Leave every picture out, and give again exactly the lines from the one containing "六一儿童朗诵合唱演出服小学生演讲比赛女童中国风爱国诗歌主题礼" through the end of the listing.

INPUT DATA:
.....

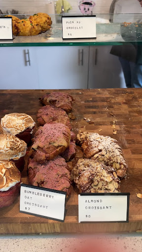 I'll like to give 4.5 stars but Google doesn't allow that, because everything was good-to-great, even if their "classic" award-winning butter tart wasn't to my liking, because their location is first-rate--aesthetics/vibe, space, staff, food selection, even the outdoor seating with cornhole games was nice. I picked up one of the "Everything But the Bagel" croissants and a large brewed coffee for "breakfast", with a chaser of classic butter tart. The croissant was sliced and filled with a fluffy cream cheese spread--just the right amount (not too little but certainly not like the amount you'd get in NYC!), and covered in everything-bagel seeds. As croissants go, pretty good--very flaky and good lamination, maybe not the "shatter" quotient that some purists would expect, but this wasn't a standard French croissant anyways. As a breakfast, it was massive and filling. A good deal at $6. My only quibbles: I rate bakery-cafes (vs. cafes with baked goods) on their drip coffee, not their barista-prepared espresso-based drinks, and their regular brew was not particularly tasty. Espresso-based drinks are often a reflection of the barista, bean quality/freshness, and equipment, so it can vary widely. Brewed coffee shouldn't, assuming decent equipment. My other quibble is the jelly-like consistency of their butter tart--the crust was flaky and perfect (assuming you prefer that over the more buttery, cookie-type crusts), but the filling was kind of an in-between: not runny, as many prefer and as you would find in many a small-town bakery, and not firm, like the sugary filling at Andrea's, and strictly on personal preference I would've liked one or the other. The size was quite large--height was quite tall, filling copious. At $4, well priced. With tax and tip, about $18, which some might consider ludicrous, but in these COVID/post-COVID days, normal. I'd gladly come back to try one of their cruffins or other baked goodies, and maybe a...
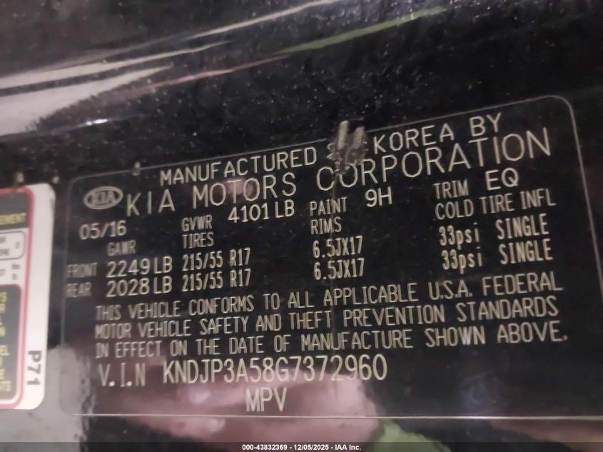 2016 KIA SOUL 2016 року Бензин, 2.0, Передній привід, vin - KNDJP3A58G7372960 з США
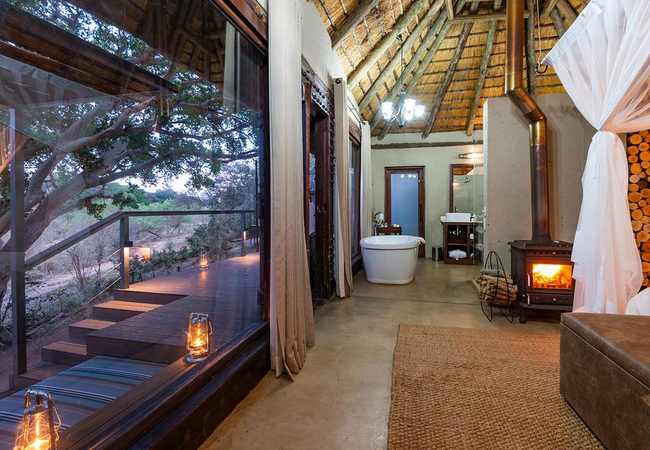 Each Thatched Suite has a King-size bed and a raised timber viewing deck (sala) to offer spectacular views over the Makhutswi River from which to observe the bird life and game. You can also enjoy the convenience of the following features: a plunge pool, boma, fireplace, an enclosed dining and lounge area, an en-suite bathroom with an indoor- and outdoor shower and a bath, toilet and basin.
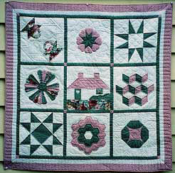 My first quilt (9/94): A nine-block sampler from a Leisure Arts booklet titled, “Teach Yourself to Quilt.” (If you look carefully, you may be able to detect four, not two, baskets in the block in the upper left corner. As you can see, I had a lot to learn about contrast.) People often ask if I had a teacher like Sylvia Compson, but unfortunately, I only wish I had. I’m a self-taught quilter whose skills have developed thanks to the many wonderful instructional quilting books and magazines out there, as well as the help of my on-line quilting friends from rec.crafts.textiles.quilting.
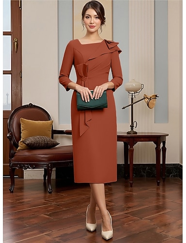 Tubino Colonna Lunghezza Tè Vestito da Festa Abito da Cocktail Abito da invitata a nozze Abito da cerimonia per signora Manica Lunga Collo quadrato Elegante Minimalista Formale Ospite di nozze
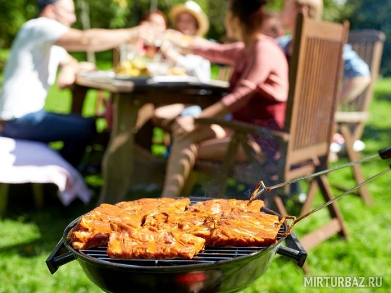 Гостям базы доступен барбекю и все необходимые принадлежности для приготовления мясных блюд.
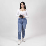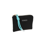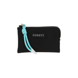 Monedero para mujer de Gorett en negro, ideal para organizar tus esenciales con estilo. Este monedero cuenta con un acceso principal con cierre y un tarjetero interno con 2 espacios para tarjetas lisas o con relieve. Compacto y funcional, con medidas de 13 cm de largo, 8.5 cm de alto y 1 cm de ancho, este monedero es la opción perfecta para mantener todo en orden. Elegante y práctico, es un imprescindible en tu colección.
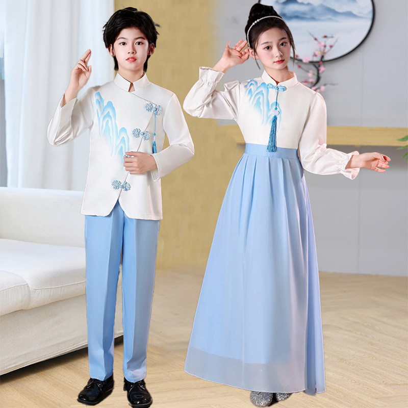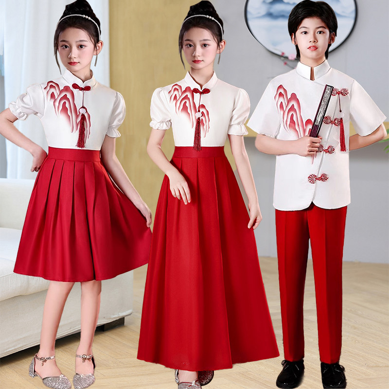 六一儿童朗诵合唱演出服小学生演讲比赛女童中国风爱国诗歌主题礼
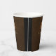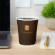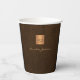 Luxury monogrammed paper cups with a dark brown leather look background and a faux gold copper metallic brushed square with elegant script signature name and monogram initials. ++++++++++++++ Easy to personalize creating your own logo with your business or personal initials and name. +++++++++++++ Could be an elegant personalized business corporate disposable drinkware for a networking event or for office guests or a modern branding essential for your office bar.
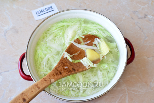 Бульон или воду налейте в кастрюлю и доведите до кипения. Капусту и картофель нарежьте и опустите в бульон.

.....

EXERCISE ANSWER:
 六一儿童朗诵合唱演出服小学生演讲比赛女童中国风爱国诗歌主题礼
 Luxury monogrammed paper cups with a dark brown leather look background and a faux gold copper metallic brushed square with elegant script signature name and monogram initials. ++++++++++++++ Easy to personalize creating your own logo with your business or personal initials and name. +++++++++++++ Could be an elegant personalized business corporate disposable drinkware for a networking event or for office guests or a modern branding essential for your office bar.
 Бульон или воду налейте в кастрюлю и доведите до кипения. Капусту и картофель нарежьте и опустите в бульон.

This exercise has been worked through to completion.